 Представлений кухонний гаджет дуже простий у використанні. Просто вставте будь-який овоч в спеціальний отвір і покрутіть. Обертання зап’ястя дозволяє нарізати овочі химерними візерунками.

...

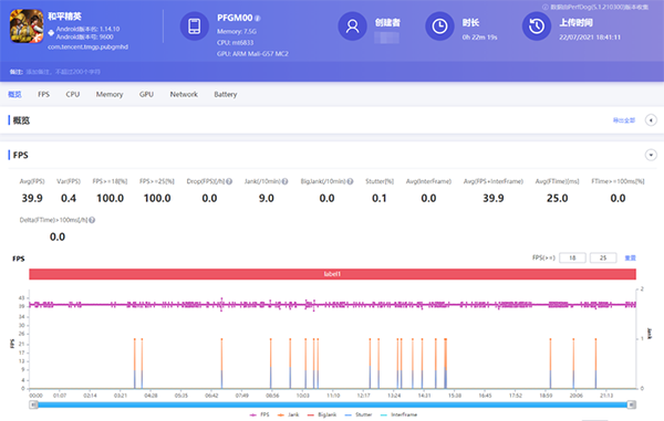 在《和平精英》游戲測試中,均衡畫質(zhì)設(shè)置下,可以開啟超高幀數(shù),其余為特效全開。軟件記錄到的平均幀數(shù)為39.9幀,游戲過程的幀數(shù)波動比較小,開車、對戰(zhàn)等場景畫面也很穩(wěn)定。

---

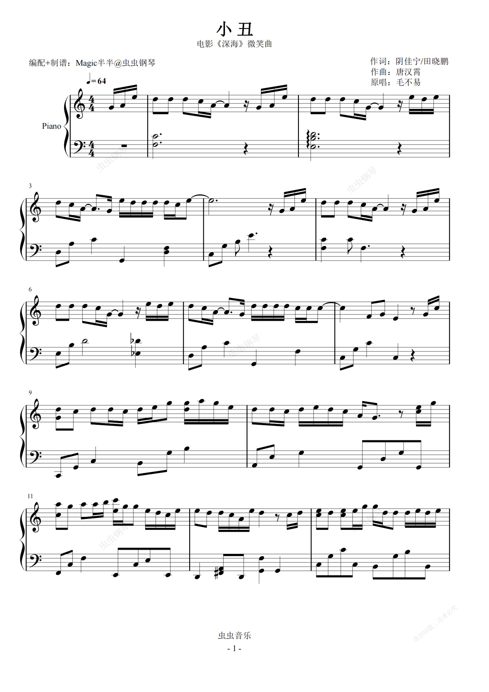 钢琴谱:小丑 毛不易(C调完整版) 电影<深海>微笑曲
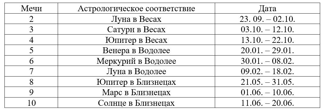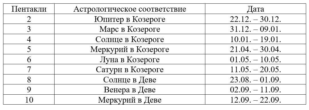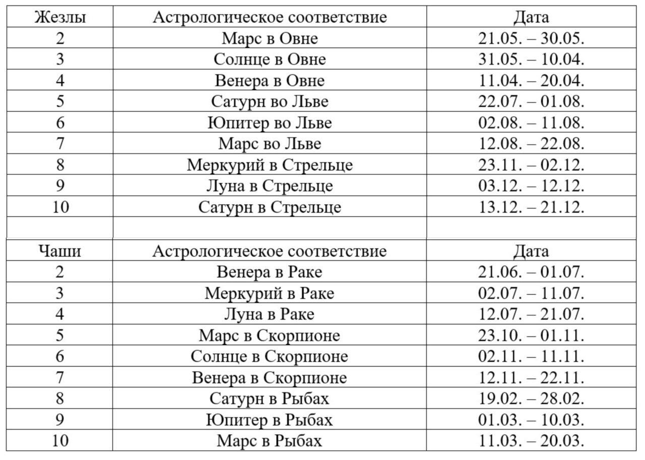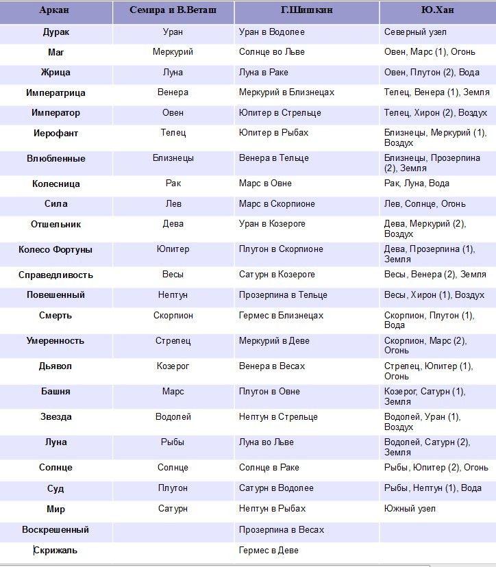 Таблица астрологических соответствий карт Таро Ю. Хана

**WHAT IS EXPECTED:** Return the lines above from the one with "钢琴谱:小丑 毛不易(C调完整版) 电影<深海>微笑曲" through the one with "Таблица астрологических соответствий", verbatim and nothing else. Omit every picture.

**ANSWER FOR THE TASK:**
 钢琴谱:小丑 毛不易(C调完整版) 电影<深海>微笑曲
 Таблица астрологических соответствий карт Таро Ю. Хана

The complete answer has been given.